Supporting Norfolk coast’s local producers

This directory lists a selection of local producers and local produce outlets, a summary listing also appears in the annual Norfolk Coast Guardian publication. Inclusion in the directory is free. Basic criteria for the local products is:

  • Local Products are produced sustainably, coming from and available in the area and local outlets supply and promote local products.
  • Local Producers: growing produce, making products
  • Local Produce Shops: selling local produce and products
  • Farmers markets: in those around the area
  • Norfolk Arts and Crafts: locally made craft products.

This directory aims to help promote the availability of local products. By no means is it comprehensive and does not imply that businesses included are endorsed by the Norfolk Coast Partnership. However, we do encourage visitors and residents to support the local products and producers wherever you can.

The ever increasing and changing of places to eat out at in the area with the vast majority using and promoting seasonal local produce and using local suppliers is evidence to the quality available. Please try to support those hotels, pubs, restaurants and cafes that use local produce.

You can use our Active Map to browse for local producers, shops, farmer’s markets and more. 

Are you a local producer?

If you are a local producer, a local outlet or actively use and promote local produce then we would love to add you to our local products directory. Listing is free and straightforward if you meet the Local products or Local outlets criteria.

If you have accreditations or practices that make your product or business special make sure to include this in the information you provide us with so we can highlight to users of the directory. We do add businesses brought to our attention so if your business has been listed and you’d like to be removed please tell us.

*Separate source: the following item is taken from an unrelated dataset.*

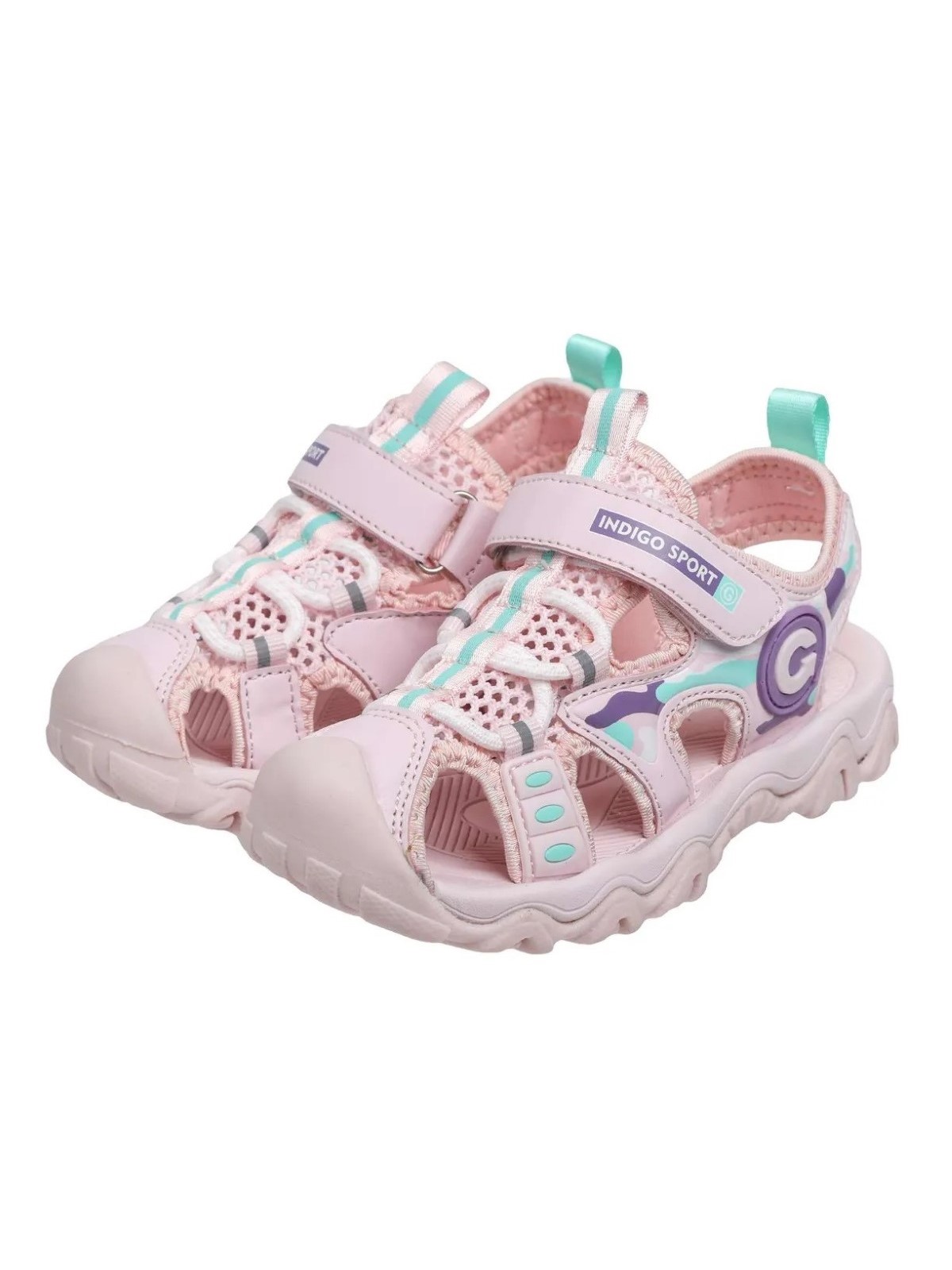 Сандалии Indigo Kids с открытой пяткой — широкий ремешок сзади фиксирует, но не давит и не натирает. Сетчатый текстильный язычок и отверстия по бокам пропускают много воздуха, нога меньше потеет. Закрытая носочная часть защищает пальцы от травмирования во время активных игр. Застегиваются на липучку — обувь плотно прилегает к стопе. Петельки спереди и сзади — удобно надевать и снимать. Декорированы шнуровкой. Рифленая подошва из ТЭП — хорошо гнется, прочная и не скользит. Подходят для долгих летних прогулок, можно взять с собой на пляж.
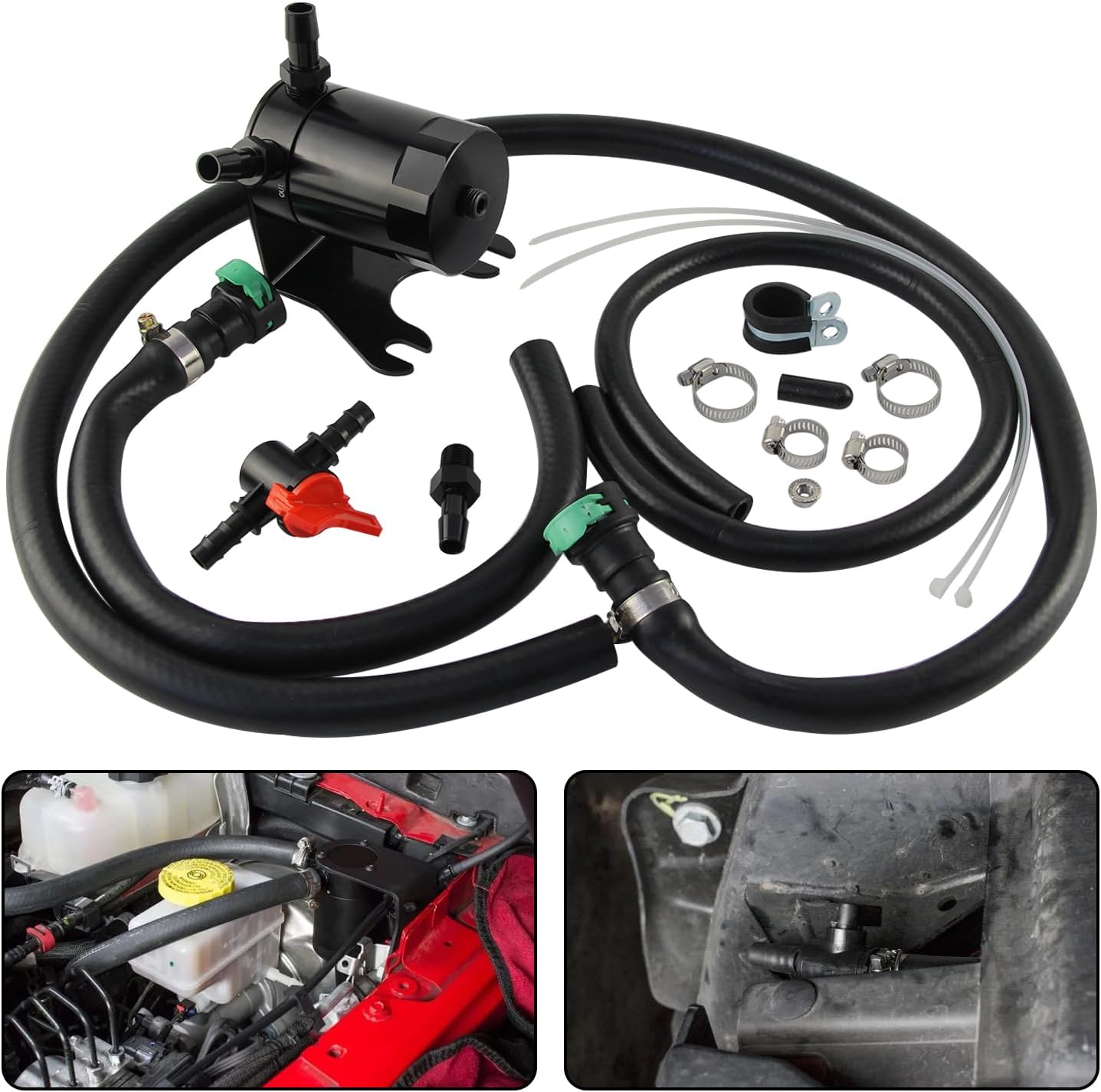 APPLICATION: For 2018-2023 Jeep Wrangler JL w/ 3.6L Pentastar V6 For 2020-2023 Jeep Gladiator JT w/ 3.6L Pentastar V6 Note* Vehicles with Mopar part number 82215190 Auxiliary Switch Bank may require relocation of the auxiliary relay box from above the brake booster to use this catch can. DESCRIPTION: Direct fit for the 2018+ Jeep Wrangler JL 3.6L**See note Below** Included drain kit empties catch can in minutes through the fender well for easy, mess-free maintenance without opening the hood Durable 2.5mm thick steel bracket mounts the catch can out of the way of other engine components and isolates it from engine vibration for a lifetime of service Helps maintain proper octane levels to reduce potential detonation Defends intake system and essential engine components from oil blow-by Includes direct-fit hoses with pre-installed quick-disconnect fittings for quick and easy installation 3 oz. capacity for longer service intervals CNC-machined aluminum barbed fittings create a secure connection between lines and the can Note: After installation, We recommends checking the contents of the baffled catch cans every 1,000 miles until a baseline is established. Oil blow-by accumulation will vary with ambient temperatures and driving conditions. It is important that the contents of the can do not rise above the internal baffle.

Simply email [email protected] 

Local produce shops

Along with Farmer’s Markets another great way of finding a range of local products in one place is to visit one of the growing number of farm shops and local shops stocking local produce.

Farm shops focus on selling food directly to the consumer, often sourced on that farm or from other local producers.

Another way of buying fresh local produce is through box schemes where a box of local produce delivered to your home or holiday cottage each week. Often box schemes are for locally-grown certified organic fruit and vegetables, but there is an increasing variety of schemes and some include other local and/or organic food. Not all box schemes limit themselves to local or organic produce so you should investigate the choice of box schemes that are delivered in your area. Increasingly local independent shops are supplying often very local and seasonal produce.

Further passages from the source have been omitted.